The tug of war with medication

If you've read some of my previous blog posts you may know some of my struggles with medication for anxiety over the years. 

I was first diagnosed with anxiety disorder at the age of 20 (2005), and was put on paroxetine (also known as aropax) to manage my anxiety. At 21/22 I weaned myself off the medication, and was off it for a few years until I went back on medication when I was 27 (2012). 

At this stage the doctors tried me on citalopram, which made me feel like complete shit with heightened anxiety and nausea. After a week I came off this and went back on paroxetine, as I hadn't had any negative side effects from this. 

This time around I was on paroxetine for about 2 years until I was 29/30 (2015). Once again I gradually weaned myself off the meds, and was off them for a year before I had another breakdown and was back to the doctor. The doc put me on venlafaxine (or effexor) this time (2016) because whenever I was on meds previously I found that I put on weight, and not just 3-4kgs, but 10-15kgs.

Once again I have dropped my meds and am gradually reducing it to see how I go. I'm not necessarily doing it with the goal of coming off them altogether, but I only want to put into my body what it absolutely needs, and that might be 50mg of venlafaxine, rather than the 115mg I have been on. 

One of my struggles through a lot of this has been my doctor. I am registered at a clinic in Hamilton, and to be honest haven't had the best experiences with my GP. I find her condescending and lacking empathy, which is a shame when you are in a position to be helping people, especially when they are in distress. 

She made some unnecessary and negative comments about my mental health and weight while I was on paroxetine, so when I decided to come off paroxetine the last time (around 2015) I did it without my doctors guidance because I didn't want to have to deal with her and what she believed was right for my mind and body. 

When I did go to the doctor and let her know that I was off paroxetine she said that if I found I needed to go back on meds for anxiety that she would try me on effexor "as one of the side effects is weight loss so that will be good for you". Some people could tell me not to be so sensitive and get over it, but when you are someone who experiences mental distress you tend to be a bit more sensitive.

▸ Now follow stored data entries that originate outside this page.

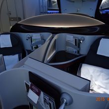 B787のビジネスクラスを利用しました。流石最新機種で快適でした。ただ日本語対応のエンターティメント(映画)が少なくて残念でした。1−2−1の並びで2人旅だと中央席を選んでしまいますが、この便は、窓側席と中央席がほぼ平行に並んでいる為、窓側ー中央席というチョイスもあります。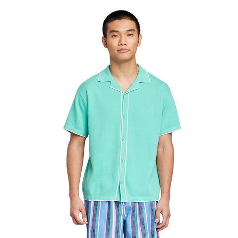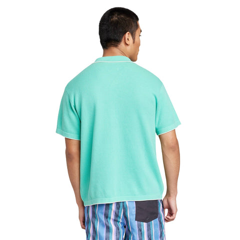 Short-sleeve polo shirt featuring a distinct notched collar with a full-length button-down front. Tailored in a casual fit that hits below the waist. Short-sleeve knit polo shirt Midweight cotton fabric Notched collar neckline Full-length button-down placket Casual fit Sizing: Mens Material: 95% Cotton, 5% Recycled Cotton Fit: Casual Fit Length: Below Waist Garment Style: Short Sleeve, Front Collar Button Fabric Name: Doubleknit Neckline: Polo Collar Garment Details: No Pocket Fabric Weight Type: Midweight Fabric Garment sleeve style: Basic Sleeve Care and Cleaning: Machine Wash, Tumble Dry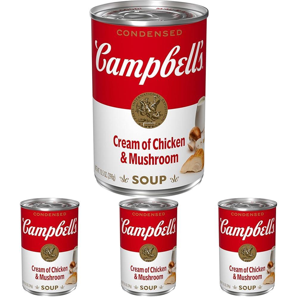 Add rich, creamy flavor to your favorite dishes with Campbell's Condensed Cream of Chicken and Mushroom Soup. This creamy mushroom and chicken soup is crafted with farm-fresh cream, high-quality chicken stock, mushrooms, and tender chicken meat with no antibiotics to provide a deliciously smooth foundation to any recipe. Use it as the hero ingredient in recipes like Quick Creamy Chicken and Noodles, or substitute it for roux or bechamel as a sauce starter. Campbells convenient canned soup is a year-round pantry staple and a must-have for creating something quick and easy. It's also delicious on its own, topped with fresh herbs or a drizzle of olive oil, or enjoyed with a sandwich or salad. Simply mix the condensed soup with 1 can of water or milk and microwave on high for 3 to 3.5 minutes in a covered microwave-safe bowl, or heat in a pot on the stove, stirring occasionally. Each 10.5 oz recyclable can contains about 2.5 servings of microwave soup and features a non-BPA lining. From Cream of Chicken to Chicken Noodle and everything in between, Campbell's makes delicious soups in flavors your family knows and loves, with quality, farm-grown ingredients in every can. M'm! M'm! Good!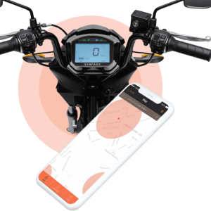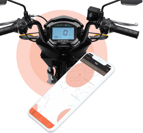 - Tích hợp hệ thống định vị GPS và kết nối với ứng dụng di động VinFast E-Scooter để theo dõi trạng thái xe, kiểm tra dung lượng pin và tìm kiếm xe trong bãi đỗ.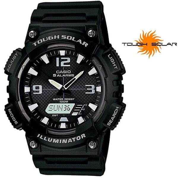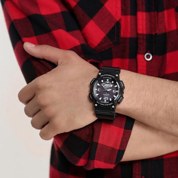 Ne glede na to, ali hodite v hribe ali se odpravite na dolgo kolesarsko potovanje, ure Casio bodo vedno vaš najboljši spremljevalec. Njihova črna številčnica, prekrita s povečevalnim sferičnim steklom, je okrašena z izrazitimi rokami in kazalci, kar zagotavlja popolno berljivost v času. Na dnu boste našli digitalni zaslon, ki ima različne funkcije. Ura ima vodoodpornost do 100 metrov, zato lahko celo plavate z njo. Najbolj pa boste cenili solarno polnjenje, ki se mu nikoli ne bo treba ukvarjati z zamenjavo baterije. Obstaja tudi merilnik baterij, s katerim lahko veste, da vam ura zmanjka in bi morali biti izpostavljeni dnevni svetlobi. Ohišje in jermen se ponašata s klasično črno barvo, ki ustreza skoraj vsem.

I have also had a constant internal battle around the meds and my weight gain. As a female in our society it is hard to carry extra weight and not have it affect your self confidence and sense of worth. I certainly don't enjoy being heavier than I used to be. 

But I've had to make a choice over the years between my mental health and my physical health, although I'm not so heavy that my physical health is negatively affected. And once again I am decreasing my medication without not under my doctors supervision because that way I feel like I am in control and doing what is best for my mind and body. I don't recommend this for anyone, however when you don't feel like your GP is a safe space for you to be completely open and honest there is something wrong in my opinion. 

That is why I'm writing this, because I know I'm not alone, and want anyone else who has experienced similar things to know that they aren't alone. There are certain professions where you have to be a certain type of person and brings certain personality traits into your role, and I think that when you are looking after people it is important that you are non-judgemental and empathetic.